There’s the Brazilian Super Tucano, a plane of comparable size, ruggedness and price as the modified Thrush. Nine African countries operate this airframe or have professed an interest in acquiring it. Many more operate rotorcraft of Soviet design, often in modernized versions, which in many scenarios are more flexible than fixed-wing aircraft are.
More ambitious and financially better-off countries move upmarket and invest in mostly Russian hardware. Uganda, Algeria, and Angola are among the leading international operators of Su-30 multi-role fighters.
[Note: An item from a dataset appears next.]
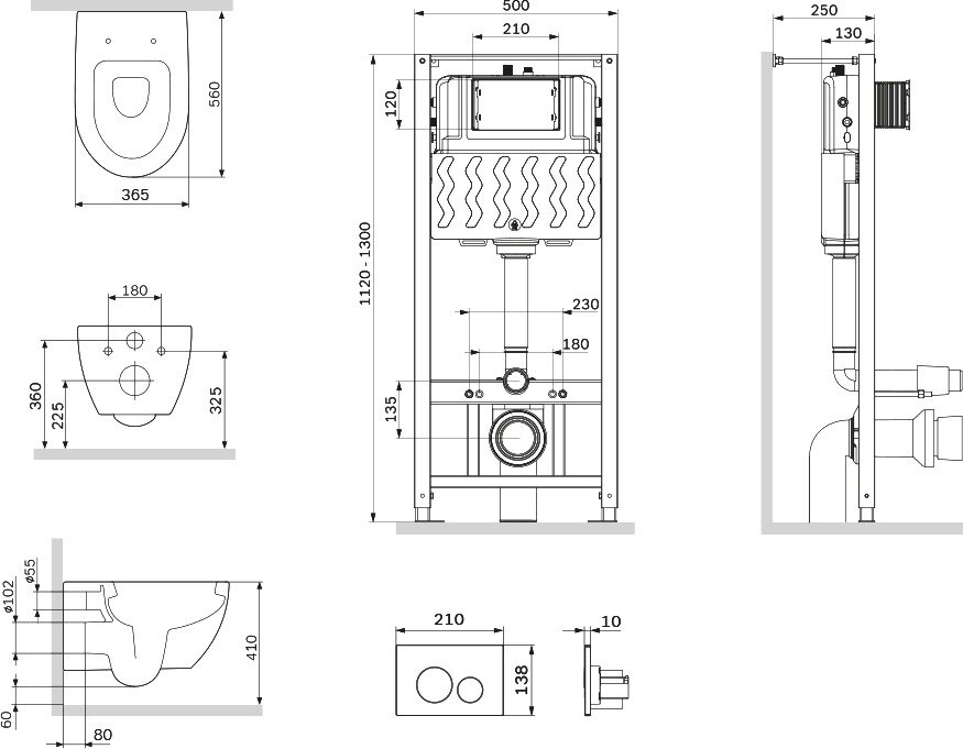 | Дополнительная информация | Бачок на стальной раме, смывная арматура, гибкая подводка воды к заливному клапану, монтажная коробка для окна обслуживания, регулируемые по высоте опорные стойки для крепежа в пол, шпильки для крепления к стене, крепежные шпильки для унитаза, патрубки фанового отвода, патрубки для подвода воды к унитазу, прокладка между стеной и унитазом (шумоизоляция), набор крепежа, клавиша с креплениями; чаша унитаза, сиденье, крепления, инструкция. |

Especially in the Sahel, where mostly former-French colonies are currently fighting Al-Qaeda insurgents as well as the Boko Haram insurgency, local governments can also count on advanced aerial assets from allied Western nations. France has deployed advanced multi-role fighters and long-endurance drones to the region and, together with the United States, also provides aerial intelligence to its regional partners. The U.S. military flies fixed-wing surveillance planes out of airports such as that in Ouagadougou, in Burkina Faso.
That doesn’t mean that Prince couldn’t find any customers for his planned mercenary air force. The government of South Sudan is a likely client, especially as Prince can draw upon his earlier dealings with Salva Kiir, the country’s embattled president. South Sudan is essentially broke, stuck in an ugly civil war, under threat of an arms embargo and has essentially no infrastructure capable of supporting more than the most basic aviation needs. At the height of the fighting, Kiir’s forces might have welcomed the capabilities that Prince’s modified Thrushes.
But Prince wasn’t able to deliver on a contract with South Sudan that included several modified aircraft, according to The Intercept. Even if the deal had gone through, customers with the profile of the South Sudanese government are few and far between. Prince would have tapped out the market with just one deal. Not to mention, Prince’s involvement would have become public sooner or later, guaranteeing an international outcry and strengthening the call for an arms embargo on his first and only customer.
Even by merely modifying and transferring two aircraft, Prince may have exposed himself to criminal investigations in two countries. The concept of a roaming band of aerial mercenaries, in addition to having a very limited customer base, would likely not be tolerated by the international community.
Even historically, there are few precedents for Prince’s plans. While mercenaries have served as pilots — and still do — for air forces lacking domestic training infrastructure, this is a wholly different affair than providing a whole package, including planes and weapons.
An exception to the rule was the South African outfit Executive Outcomes, which offered its clients the services of its own Mi-8 and Mi-24 attack helicopters and MiG-23 fighters, as well as main battle tanks. E.O. thrived in the 1990s, when civil wars raged across Africa. The company was actually the inspiration behind many of the modern legislation that regulates the business of military contractors. Its dissolution in 1998 should have been in warning sign to Prince that his business plans were unlikely to succeed.